[Linkpost] Danger of motivatiogenesis in interdisciplinary work

This is a linkpost for https://​​egtheory.wordpress.com/​​2019/​​03/​​15/​​motivatiogenesis/​​

This is a blog post from a computational biology researcher, Artem Kaznatcheev, about an epistemic phenomenon he calls ‘Motivatiogenesis’. (Building up on xkcd’s citogenesis)
This seems like an important concept to be known in these spaces, especially for people doing interdisciplinary exploration.

The following quote from his post captures the essence of the concept.

Let me first be a bit more precise about what I mean by motivatiogenesis.

I think that Kyler J. Brown first introduced me to this many years ago when we were both still at McGill.
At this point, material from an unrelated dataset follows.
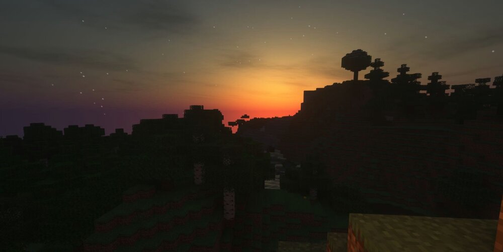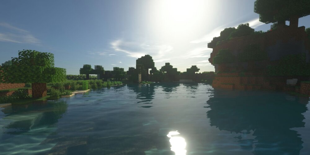 Атмосферное рассеяние влияет не только на цвет солнечных лучей, но и на общее восприятие неба, горизонта и масштаба пространства, благодаря чему мир выглядит гораздо убедительнее. Заметно переработаны дневной и ночной цикл, подводная сцена, тени, облака и дождевые эффекты. Дополнительную глубину создают SSAO, улучшенный GI, сглаживание, контактные тени и физически основанные блики от солнечного света. Даже витражи, Nether и End здесь получают отдельное внимание.

He referenced me an all-too-common misbehavior in neuroscience: A bad researcher justifies his work to a biologist with “this is the way computer scientists address this question, and it is of interest purely from theory” and when justifying the same work to a computer scientist — “this model is biologically reasonable, and of interest from science”. The biologist and computer scientist don’t know the other’s field well enough to see through this bluff, and the researcher manages to squeeze a poor publication out.

Contrast this with what a good researcher would do. She would justify her work to a biologist purely on biological grounds. And she would justify it to the computer scientists through its contribution to computer science. In other words, a good interdisciplinary scientist would contribute to both fields, and not use the border as a crutch.

But the case of the bad scientist gets worse!

Once the cycle starts and a group get a few such papers out, the auto-catalytic effect sets in: future work can justify itself by saying “we use a standard model in the field”. All of this even though the ‘standard model’ never had a justification for it. Eventually the subfield can start generating and answering its own field-endogenous questions that are fundamentally unhinged from reality.

But unlike a factoid, a false motivation is harder to burst. Especially if a subfield or cottage industry develops around the method. I think that this might be closely related to Jeremy Fox’s notion of Zombie Ideas.